[pnfs] [PATCH 11/14] pnfs: pnfs_write_begin
Fredric Isaman
iisaman at citi.umich.edu
Thu Apr 3 09:41:34 EDT 2008
On Wed, 2 Apr 2008, Dean Hildebrand wrote:
>
>
> Fredric Isaman wrote:
>>
>>
>> On Wed, 2 Apr 2008, Dean Hildebrand wrote:
>>
>>>
>>>
>>> Fredric Isaman wrote:
>>>>
>>>>
>>>> On Mon, 31 Mar 2008, Dean Hildebrand wrote:
>>>>
>>>>>
>>>>>>>>
>>>>>>>> diff --git a/include/linux/nfs4_pnfs.h b/include/linux/nfs4_pnfs.h
>>>>>>>> index 1844838..f711df2 100644
>>>>>>>> --- a/include/linux/nfs4_pnfs.h
>>>>>>>> +++ b/include/linux/nfs4_pnfs.h
>>>>>>>> @@ -48,6 +48,12 @@ struct pnfs_layout_type {
>>>>>>>> u8 ld_data[]; /* layout driver private data */
>>>>>>>> };
>>>>>>>> +struct pnfs_fsdata {
>>>>>>>> + struct layoutdriver_io_operations *ld_io_ops;
>>>>>>>> + u8 ld_fsdata[];
>>>>>>>> +};
>>>>>>>>
>>>>>>> I'm searching through the block and pnfs code and I can't seem to find
>>>>>>> any uses of either of ld_fsdata or ld_io_ops.
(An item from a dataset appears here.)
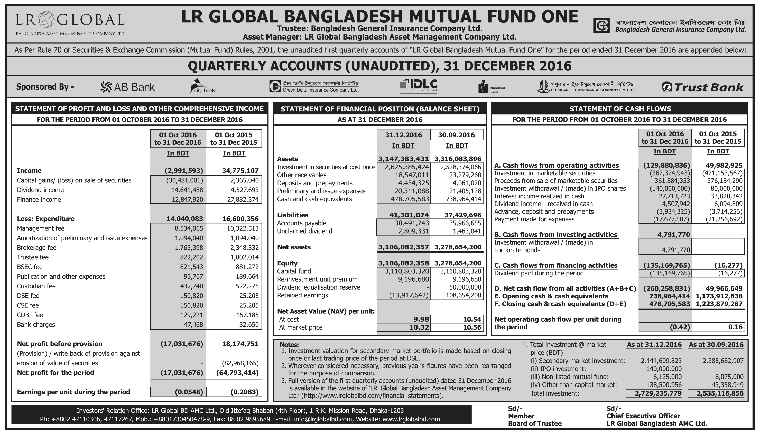 LR Global Bangladesh Mutual Fund One Quarterly Accounts December 2016

What is the meaning of
>>>>>>> the internals of this structure? All I see in the block code is
>>>>>>> pointer comparisons of the fsdata stuff.
>>>>>>
>>>>>> The reason for the pnfs_fsdata structure is that when free() needs to
>>>>>> be called, there is no longer any reference to the layout driver, so
>>>>>> the only way to know which free code to call is to store some sort of
>>>>>> pointer to it in the data structure itself. See pnfs_free_fsdata().
>>>>>> Note that there is a similar problem with wb_private, thus the need to
>>>>>> set wb_ops for use in pnfs_free_request_data().
>>>>> Your justification for having variables in pnfs_fsdata is dubious for
>>>>> multiple reasons:
>>>>> 1) nfs_write_end calls pnfs_write_end_cleanup calls pnfs_free_fsdata
>>>>> which uses pnfs_fsdata.ld_io_iops. If you simply pass the nfs_server
>>>>> into pnfs_write_end_clean up from nfs_write_end then ld_io_ops is not
>>>>> required.
>>>>> ------> If ld_io_ops is not required, and ld_fsdata is never used, then
>>>>> struct pnfs_fsdata does not require any internal variables.
>>>>> 2) No layout driver implements free_fsdata, so it is currently not
>>>>> required anyways.
>>>>>
>>>>> Therefore, if a struct doesn't require internal arguments, it can be
>>>>> replaced with a single bit or a boolean (as you agree below)
>>>>>
>>>>> Side note: wb_private is disappearing as per our conf call. It is no
>>>>> longer needed once flush_one and writepagelist are merged.
>>>>>>
>>>>>>> Is the only purpose of creating and using pnfs_fsdata just to
>>>>>>> determine if pNFS is being used?
>>>>>>
>>>>>> Not quite, it's purpose is to remember if nfs_write_begin properly set
>>>>>> up the page for use by the block driver.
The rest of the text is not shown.